Nanoribbons research could lead to new generation of lithium-ion batteries
A few months back, the Air Force Office of Scientific Research (AFOSR) was proud to publish an article regarding a research accomplishment by Dr. Jim Tour and his research team at Rice University. AFOSR, along with other funding agencies, supported Dr. Tour's research effort to make graphene suitable for a variety of organic chemistry applications—especially the promise of advanced chemical sensors, nanoscale electronic circuits and metamaterials.
Four years ago, Tour's research team demonstrated that they could chemically unzip cylindrical shaped carbon nanotubes into soluble graphene nanoribbons (GNR) without compromising the electronic properties of the graphitic structure. A recent paper by the Tour team, published in IEEE Spectrum and partially funded by AFOSR, showed that GNR can significantly increase the storage capacity of lithium ion (Li-ion) by combining graphene nanoribbons with tin oxide.

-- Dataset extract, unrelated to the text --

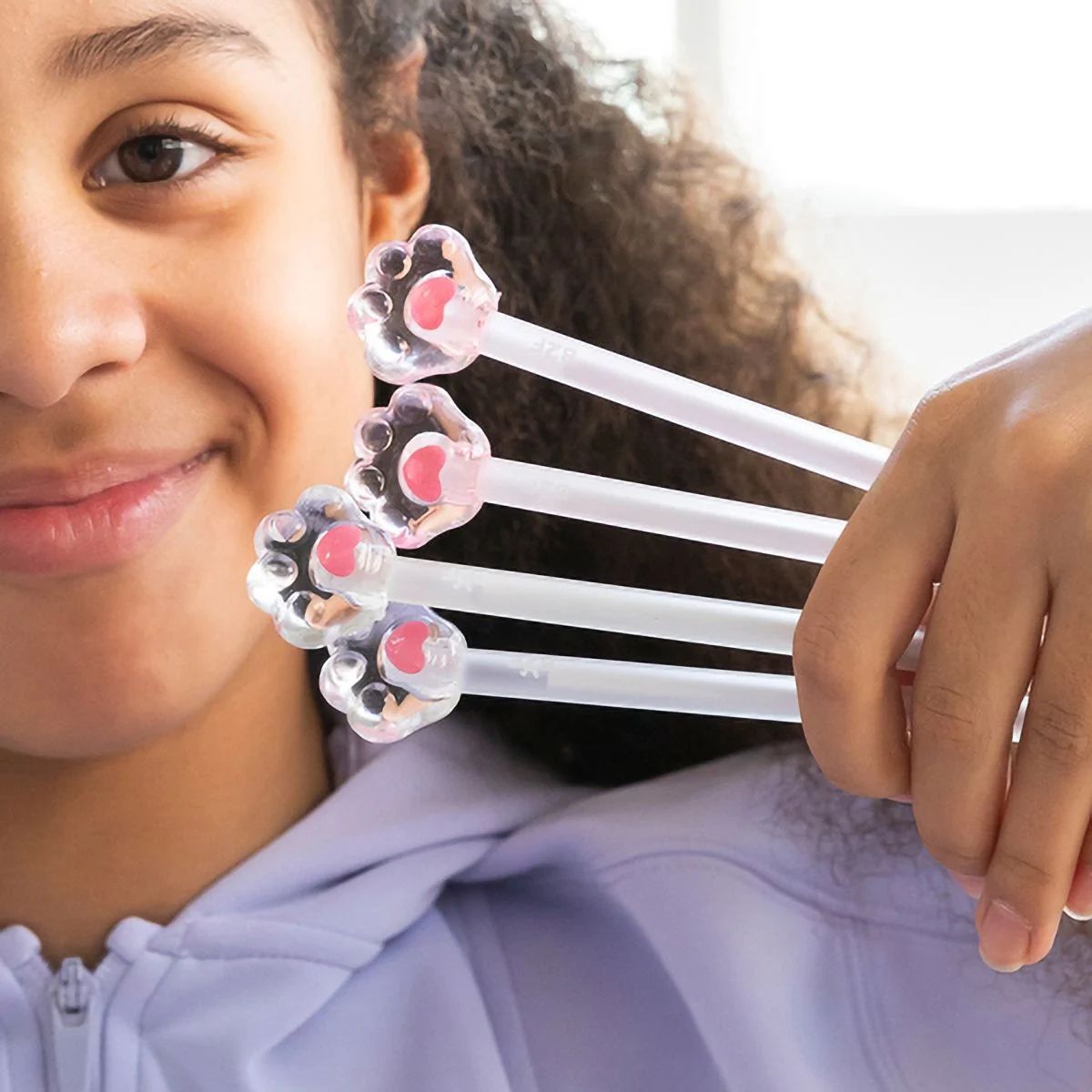 Stylo bille en plastique avec une tête en forme de patte de chat
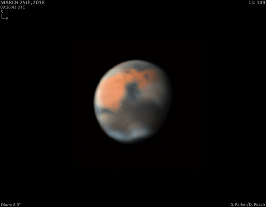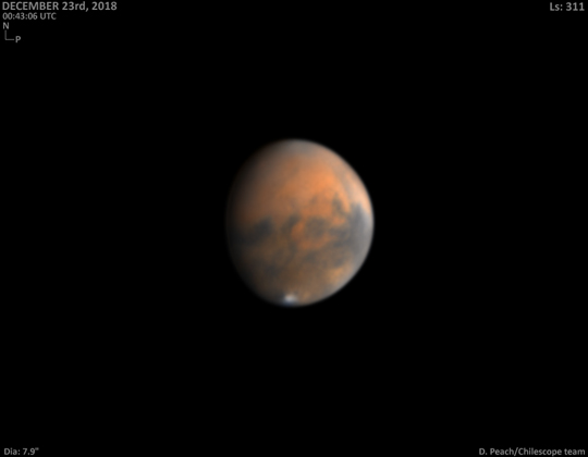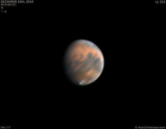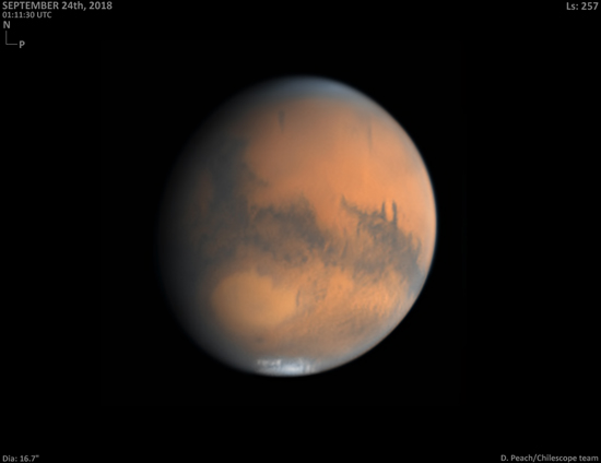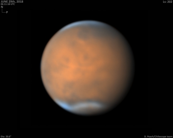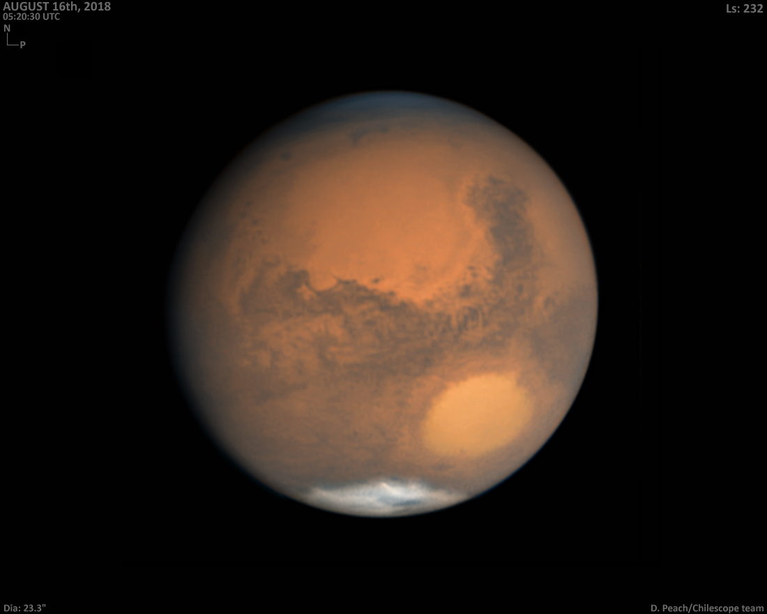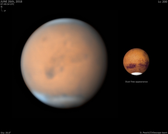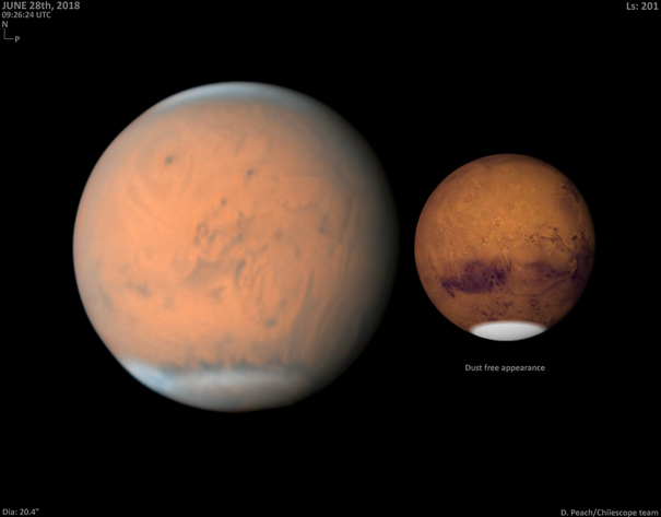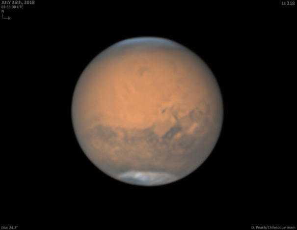 Close approach: July 31st, 2018. Apparent Opposition Diameter: 24.3". Declination:-25°01'. Constellation: Capricornus.

By producing GNR in bulk, a necessary requirement for making this a viable process, the Tour team mixes GNR and 10 nanometer wide particles of tin oxide to create a slurry. By adding a cellulose gum binding agent and water, the mixture is then applied to a capacitor, which is then fitted to a button-style lithium-ion battery.
In the Tour lab tests, the prototype battery had an initial charge capacity of more than 1,520 milliamp hours per gram (mAh/g). After repeated charge-discharge cycles that number began to plateau at about 825 mAh/g, but after 50 discharge cycles, the batteries retained far more capacity—more than double—that of Li-ion batteries that employ standard graphite anodes.
The critical key that makes the increase in battery capacity possible is the significant improvement in flexibility that graphene nanoribbons lend to the anode. By comparison, conventional Li-ion batteries with graphite anodes break down and lose efficiency because of their inability to flex, as they expand and contract, with repeated charge and discharge cycles; over time the graphite cracks and the battery cannot charge. Conversely, anodes with a graphene nanoribbon platform allow the tin oxide particles to maintain a consistent size, rather than expanding and contracting, and thus eliminating the brittleness and cracking associated with a graphite-based anode.
This breakthrough may very well lead to the next generation of the lithium-ion battery—a promising new platform for creating more durable, lightweight and efficient lithium-ion power.